Saturday, July 13, 2013

Truth Appropriated

Some of the most valuable lessons I have learned as a Christian I have learned as a matter of process.  To be sure I was handed truths, the truths handed down from saint to saint about the nature of my faith, but those have made their way deeper into my heart and mind because of the journey.  I have struggled with and against people and ideas within and outside Christendom, and I believe my faith to be stronger as a result.  I have (hopefully, to be sure) gone from conviction and affirmation to genuine knowledge.

In his unashamed work, Conscience and Its Enemies, the wonderful thinker, Robert P. George, makes the case that truth is the kind of thing that must be worked for  - it must be attained.  In contrast to the prevailing idea that truth is a matter of personal passions or political and cultural power, truth is beyond all of that and cannot simply be something we look within to find.  There is value in argument and the struggle for true beliefs that simply does not come if we are driven by our passions or conventional wisdom.

He says, "Although some have depicted freedom and truth as antithetical, in reality they are mutually supportive and, indeed, dependent on each other" (pg. 39).  We are not free if we are unshackled from some notion of truth that we all must or can attain; we are not free if truth is a free-for-all.  On the contrary, freedom (in any robust sense of freedom for the human soul) requires an objective truth.  If truth is outside our ability to cajole or manufacture, then we must strive, learn, and grow.  His point about the oppression of relativism is made in the ubiquitous examples of the suppression of speech and the honest seeking after truth by those who are self-appointed guardians of political correctness, campus speech codes, or conventional wisdom.

But the point I find valuable is the one that resonates with my experience - you will be better off if you attain your knowledge, not just feel it.  "The stronger and deeper reason [for allowing error] is that freedom is the condition of our fuller appropriation of the truth.  I use the term appropriation because knowledge and truth have their value for human beings precisely as fulfillment of capacities for understanding and judgment....Knowledge that elevates and enriches - knowledge that liberates the human spirit - cannot be merely notional.

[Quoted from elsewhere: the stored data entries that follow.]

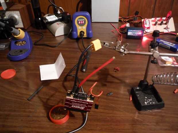 ¿Tienes listo de ESC para ir? Buena. Utilizar conectores XT60 para todas mis cosas RC básicamente porque odio absolutamente conectores Deans T de soldadura. El conector T puede ser mejor para cargas corriente más altas pero pensamos un sorteo de potencia máxima de 50A muy por debajo de la tasa de 60A para el conector XT60.
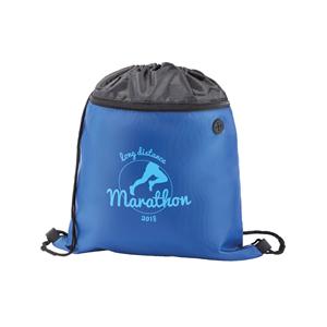 Descrição: Sacola tipo mochila em 210D com bolso frontal com zíper e saída para Fone de Ouvido ou outros fios ou cabos.
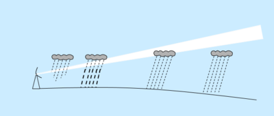 De weerradar is een vorm van telemeting, dus het op afstand meten van een parameter. Een radar meet de hoeveelheid teruggekaatste energie die uitgezonden werd, en eigenlijk zijn wij geïnteresseerd in de hoeveelheid neerslag aan de grond. De omzetting van gereflecteerde energie naar hoeveelheid neerslag is niet eenvoudig, en geeft aanleiding tot belangrijke fouten. Bovendien doet de radar metingen op een zekere hoogte boven de grond, zoals te zien op de figuur, en dit is afwijkend van een meting aan de grond.
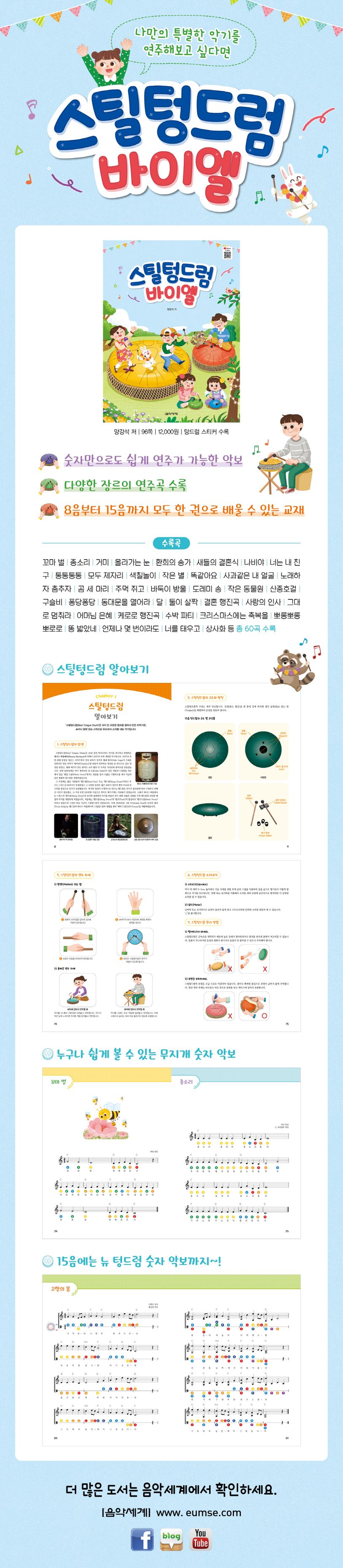 어린이부터 성인까지 혼자서도 쉽게 배울 수 있는 교본입니다. 계이름을 잘 읽지 못해도 숫자와 색깔만 안다면 누구나 쉽게 연주가 가능하며 기초를 충분히 연습할 수 있도록 정리하였습니다. 또한 8음부터 15음까지의 다양한 스틸텅드럼을 이 교재 한 권으로 충분히 습득할 수 있습니다.
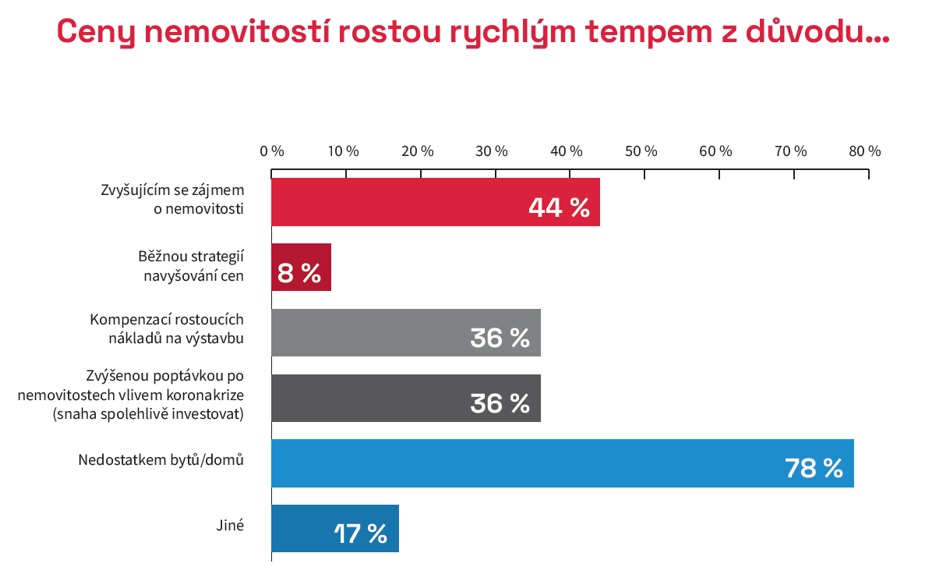 Podle EUROSTAT je růst cen rezidenčních nemovitostí v ČR pátým nejvyšším z celé Evropské unie. Tento fakt je dle dotázaných developerských společností dán nedostatkem bytů a domů (78 %) a zvyšujícím se zájmem o nemovitosti (44 %). Mezi další důvody developeři řadí kompenzaci rostoucích nákladů na výstavbu a zvýšenou poptávku po nemovitostech vlivem koronakrize – snaha spolehlivě investovat (obojí shodně 36 %). Dále je důvodem zvyšování cen běžná strategie navyšování cen (8 %) či jiné důvody než výše uvedené (17 %).
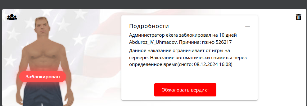 Дата и время наказания/нарушения: 28 Ноя 2024
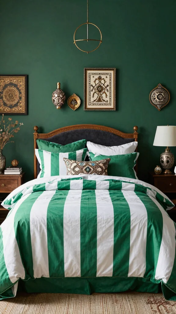 Infuse your bedroom with global flair by pairing green and white striped bedding with decor inspired by different cultures. Select bedding that features traditional patterns or textures and mix them with local textiles for an eclectic yet harmonious look. This style reflects your travels and experiences, making your space uniquely yours.To enhance this theme, choose decor pieces that resonate with you, such as Moroccan poufs or Indian tapestries. Use rich textures like silk or woven fabrics to elevate the global feel, and incorporate decorative elements from around the world for a well-traveled ambiance.Incorporate these global influences:
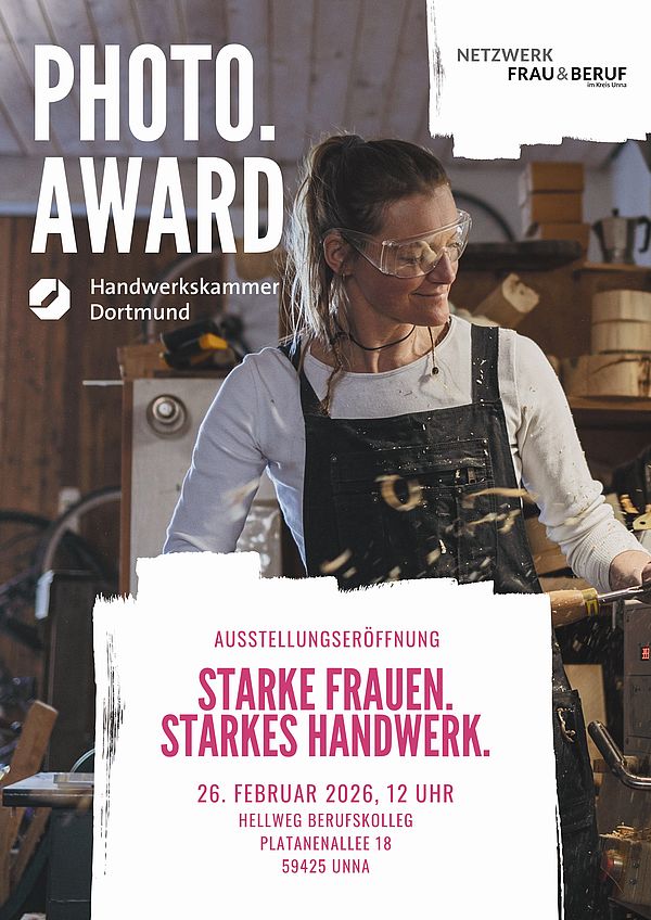 Die Handwerkskammer Dortmund (HWK) stellt dem Netzwerk Frau & Beruf im Kreis Unna die Ausstellung im Rahmen ihrer Kampagne „Starke Frauen. Starkes Handwerk.“ zur Verfügung. Ziel dieser Ausstellung ist es, engagierte Frauen im Handwerk sichtbar zu machen und neue Perspektiven auf handwerkliche Berufe zu eröffnen.
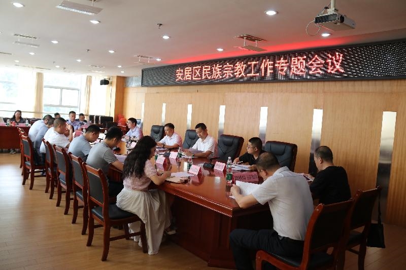 5月31日,安居区召开民族宗教工作专题会,传达学习《四川省民族团结进步条例》,安排部署2023年民族宗教工作。区委常委、统战部部长杨军出席会议并讲话,区直相关部门、各镇(街道)主要同志参加会议。
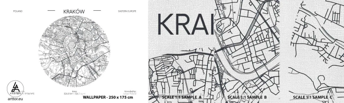 Photo Wallpaper Sample Premium Canvas - Anatomy of Crocow - Map, Cracow, Poland - 100x30 cm
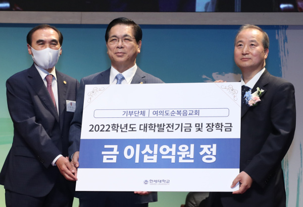 [국민일보 박재찬 기자] 여의도순복음교회(이영훈 목사)는 17일 한세대에 발전기금 20억원을 전달했다. 이영훈 목사는 이날 경기도 군포 한세대 대강당에서 열린 발전기금 전달식에서 “지금 우리는 코로나19와 세계적 기후 위기, 우크라이나 전쟁 등으로 시대의 전환기에 서 있다”면서 “이러한 때에 한세대가 거룩한 꿈과 희망을 품고 하나님의 대학으로 빛을 발해 달라”고 당부했다. 김정일 총장직무대행은 “발전기금을 디딤돌 삼아 변화와 혁신의 동력을 일으켜 기독교 명문 사학으로 거듭나겠다”고 고마움을 전했다.

It must be appropriated" (pg. 40).


He is right.  This is the only understanding of truth that develops the virtues in the human soul, and gets us out from under the tyranny to self.  The Christian faith has always seen it this way.  We know God, and we know Him truly.  But we strive to know him and his creation more and more because with each step we draw nearer to the One who created us, and we become more like the creatures we were made to be.